It’s that time of the year!
Holiday party time? No, bro.
Ugly Sweater time? No, sis.
Regifting time? No, Karen. (Really?)
It’s end-of-the-year review time! Woot, woot!
Wait, wait… Don’t click off this story. We are here to help.
Year-end reviews are a critical time for leaders and direct reports. While it can seem challenging, it doesn’t need to be.
Rather than be all formal and “Boomerish” this review should be more of a conversation. And, it’s necessary to build rapport, show you are interested in your employees’ growth and your growth as a leader.
The end-of-the-year review is a time to reflect and show your employee “we’re good”, according to Claire Lew at Signal V. Noise. The review allows you and your direct report to sit down and discuss what went well and how you are a good cohesive team.
Or, conversely, to consider if your working relationship isn’t a good fit.
End of the year reviews aren’t meant to be a formal rate yourself on a scale of 1-10, Lew says, it’s a time to consider how to make the coming year better, identify areas for improvement, and growth opportunities.
To build the working relationship and evaluate ways to do and be better in the coming year, Lew, CEO at Know Your Team, a software company to help leaders avoid being a terrible boss, says the questions should be different from those that are standard fodder for performance reviews.
Lew offers a template and sample questions to guide the conversation. She also says it’s likely that in the 1-hour to 1.5-hour time frame, all of the questions will not be addressed, but that is ok. It allows an opportunity to have more relationship-building conversations.
The conversation should be broken down into four areas:
• Catching Up – 10-15 minutes
Questions should relate to holiday plans and end-year work wrap up.
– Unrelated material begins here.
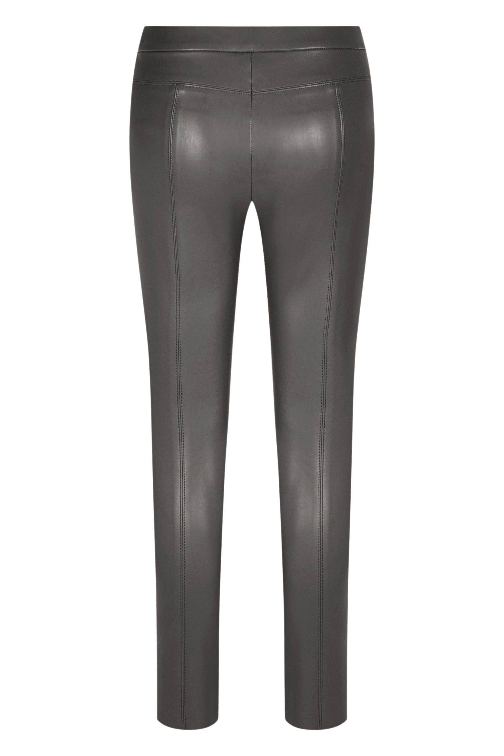 The Raffaello Rossi Resa skinny faux leather leggings are a stylish and sustainable wardrobe staple, known for their sleek design and high-quality materials. These leggings are crafted from bi-elastic faux leather with a refined nappa leather look, offering both comfort and durability. The interior is soft, providing a comfortable fit, while the exterior boasts a smooth, polished finish. Designed with longitudinal seams along the back, they create the illusion of longer legs, enhancing the overall silhouette.

• Reflections on the past year – 30-45 minutes
This is the opportunity for you as the leader to ask what you did well and could do better. Also, how your employee feels they did, where were they challenged, what did they learn, and how has your relationship grown together.
• Looking Ahead – 30 minutes
How do your employees want to grow in the next year? What areas do you, as the leader, need to give more energy?
• Takeaways and Next Steps – 10 minutes
A wrap-up of what you and your direct report(s) need to do in the coming year.
With a little planning and exaction you and your team will end the year on a good note and set the tone for 2020.